US investigation: Burhan filmed metres from corpses after massacres

A joint investigation by CNN and the investigative newsroom Lighthouse Reports has exposed a sweeping campaign of ethnic violence carried out by Port Sudan–based forces (SAF) in Al-Jazira State, allegedly conducted under the direct knowledge of their commander, General Abdel Fattah al-Burhan. A senior UN investigator who reviewed the findings described the operation as a targeted genocide against non-Arab communities.

The project, known as “The Kanabi Killings”, was co-published with CNN, Sudan War Monitor and Trouw. Its findings are based on hundreds of verified videos, testimonies from survivors, satellite imagery, and whistleblower accounts from within Sudan’s military intelligence structure. Together, they reveal a pattern of atrocities committed between October 2024 and May 2025 as al-Burhan’s army (SAF) pushed to retake the strategic city of Wad Madani.

A coordinated ethnic campaign

The investigation concludes that General al-Burhan’s army (SAF), operating from Port Sudan and supported by Islamist-aligned militias, carried out a coordinated campaign targeting the “Kanabi” — predominantly non-Arab, Black Sudanese farming communities often labelled by militias as “Sudan’s Blacks”.

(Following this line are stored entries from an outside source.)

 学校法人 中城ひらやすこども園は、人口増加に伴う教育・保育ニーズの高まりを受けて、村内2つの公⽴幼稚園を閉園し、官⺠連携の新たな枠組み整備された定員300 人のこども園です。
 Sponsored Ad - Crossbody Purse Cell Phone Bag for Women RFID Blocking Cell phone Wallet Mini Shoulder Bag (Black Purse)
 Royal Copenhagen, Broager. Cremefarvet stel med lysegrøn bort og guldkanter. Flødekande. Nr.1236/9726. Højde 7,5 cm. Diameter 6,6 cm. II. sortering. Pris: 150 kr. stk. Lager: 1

At least 59 attacks on Kanabi villages were fully verified, with 87 more likely following the same pattern.

Survivors described mass executions, point-blank killings, detention sweeps, and field executions of civilians suspected of sympathising with the Rapid Support Forces (RSF). Women and girls were subjected to systematic rape used as a tool of war. Entire villages along the Wad Madani road were burned, markets and clinics destroyed, and civilian populations forcibly displaced in what investigators describe as ethnic cleansing conducted under the guise of “security operations”.

Indiscriminate airstrikes struck densely populated neighbourhoods in Al-Jazira, killing hundreds, including children. Lighthouse Reports notes that the attacks were not isolated incidents but formed part of a wider set of ethnically-motivated operations coordinated from the highest levels of SAF and Sudan’s General Intelligence Service.

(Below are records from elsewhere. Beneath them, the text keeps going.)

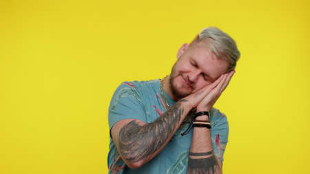A portrait of bearded man in red t-shirt with sleeping gesture. People and emotions concept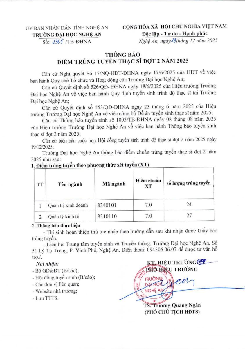 Thông báo điểm trúng tuyển Thạc sĩ đợt 2 năm 2025 19/12/2025 10:16 253 lượt xem Trường Đại học Nghệ An thông báo điểm trúng tuyển Thạc sĩ đợt 2 năm 2025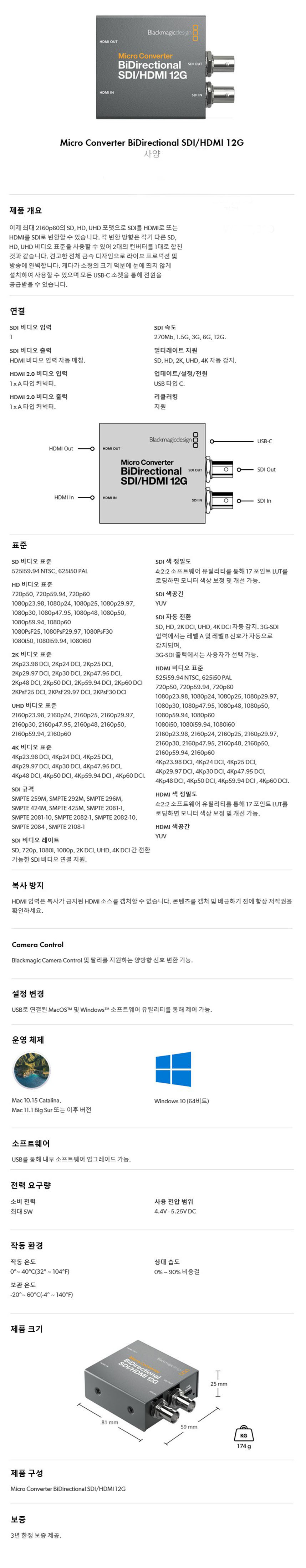 Micro Converter BiDirectional SDI/HDMI 12G [아답터 없음]
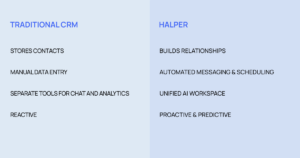 Unlike typical CRMs, Halper isn’t just a data tool — it’s an AI business manager designed for real estate professionals. It connects communication, scheduling, and analytics into one intelligent workspace.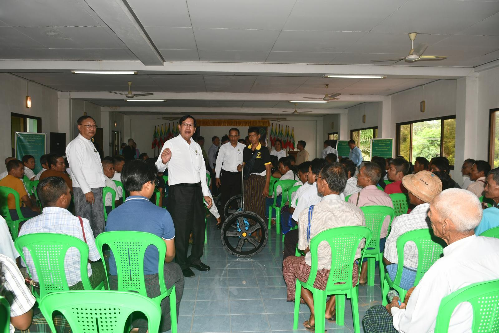 ဆက်လက်၍ တိုင်းဒေသကြီးဝန်ကြီးချုပ်နှင့်အဖွဲ့က ရန်ကုန်တိုင်းဒေသကြီး အစိုးရအဖွဲ့၏ကြီးကြပ်မှုနှင့် နိုင်ငံ့စီးပွားမြှင့်တင်ရေးရန်ပုံငွေဖြင့် ထုတ်လုပ်မည့် တိုက်ရိုက်မျိုးစေ့ချကိရိယာ (Drum Seeder)များအကြောင်း ရှင်းလင်းပြသသည်။

The Kariba detentions and the Police Bridge massacre

CNN and Lighthouse verified footage from the village of Kariba showing young men detained, beaten, and accused of RSF affiliation. In another location near what locals call the Police Bridge, dozens of bodies — some with gunshot wounds to the head — were filmed lying on the ground. A fighter in one video is heard calling the victims “foreign”, echoing militia rhetoric used against non-Arab communities.

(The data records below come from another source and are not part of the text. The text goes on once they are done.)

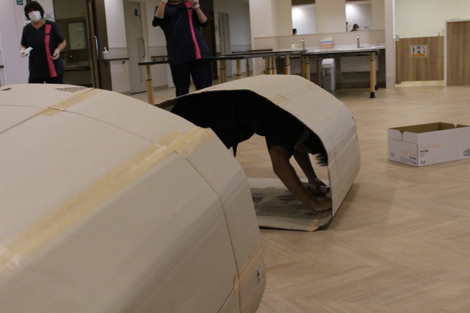 繋いだダンボールの輪の中に入って前に進んでいくぞ!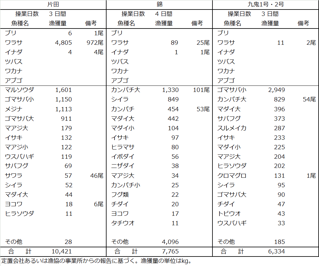| 大型定置網 | サバ類5.1t、ワラサ4.9t、カンパチ2.6t、マルソウダ1.6t、マダイ1.2t |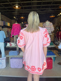 Heart Embroidery Mini Dress Pink & Red
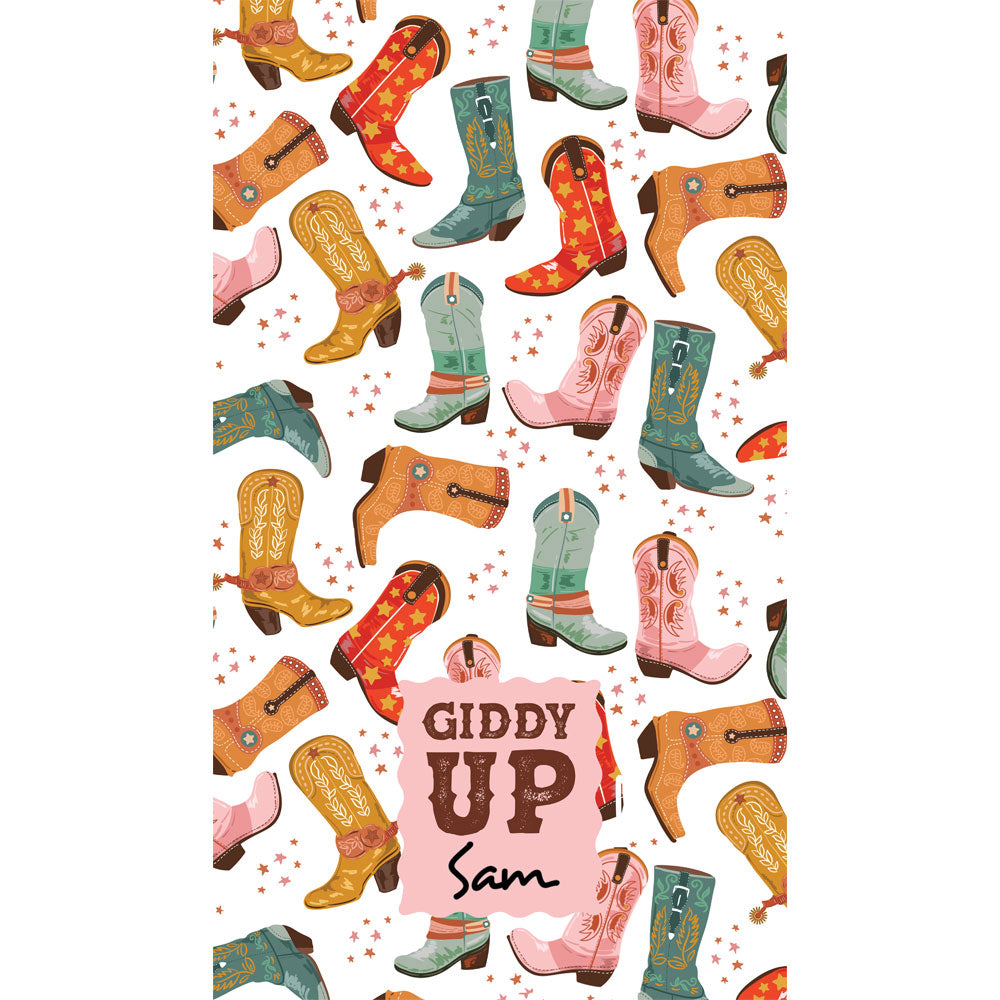 - No personalization – This item can be purchased without personalization. I only want the boot illustration without the pink box or any text.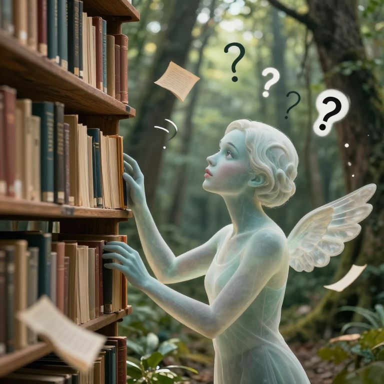 A librarian with translucent skin tends to a forest of living books, whose pages flutter like wings when startled by the echo of unanswered questions.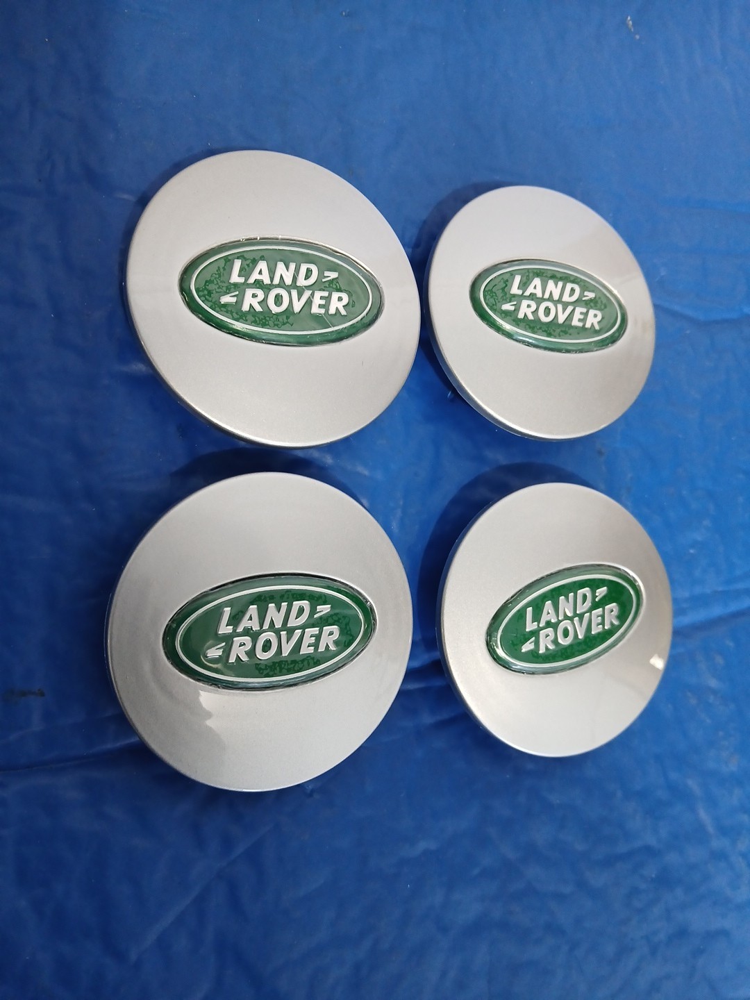 4x, Set of Land Rover Silver-Green Wheel Center Hub Caps, HSE Land Rover Center

Satellite images taken days later show disturbed earth and rows of white objects resembling body bags at the site, consistent with a hastily dug mass grave. A whistleblower from the General Intelligence Service confirmed that many of those killed at the Police Bridge were civilians executed based on suspicion alone.

Bodies dumped in canals

Multiple intelligence officers told CNN that SAF and allied militias disposed of victims by throwing bodies into irrigation canals. Some civilians, they said, were shot while still alive before being dumped into the water.

One of the most disturbing scenes documented in the investigation occurred near the village of Bikka. In early 2025, residents reported that soldiers used a canal as a dumping site for executed civilians. When the water level later dropped, videos and satellite imagery revealed dozens of bodies lying exposed in the canal bed.

Burhan above the bodies

Whistleblowers told CNN that only days after the killings, General al-Burhan visited the same canal and recorded a public address to his troops from the bank — just metres from where the bodies lay submerged.

Satellite imagery taken in May 2025 confirms that when the canal receded, numerous corpses became visible directly below the position where al-Burhan had stood during the filmed visit. One intelligence source said plainly: “Burhan knew.”

The retaking of Wad Madani

The worst abuses occurred in January 2025 during the SAF push to retake Wad Madani from the RSF. Lighthouse Reports notes that violence escalated in every area SAF re-entered, especially along the approach routes where Kanabi communities are concentrated.

Investigators emphasise that the atrocities were not spontaneous but followed a systematic pattern: detentions, interrogations, summary executions, burning of villages, disposal of bodies, and the destruction of infrastructure to make areas uninhabitable.

UN experts: Genocide on ethnic grounds

A member of the UN Fact-Finding Mission who reviewed the evidence described the campaign as “a targeted genocide on racial and ethnic grounds”, adding that the scale of documented attacks suggests deliberate policy rather than rogue actions.

Impunity as the enabler

The investigation concludes that a culture of impunity enables ongoing atrocities. Porter Sudan authorities have not opened serious inquiries into the conduct of their forces, and whistleblowers say commanders instructed units to conceal evidence, including through mass burials and canal disposal.

Lighthouse Reports and CNN say their evidence base — videos, satellite data, and insider testimony — demonstrates that senior officials, including al-Burhan, were aware of the killings.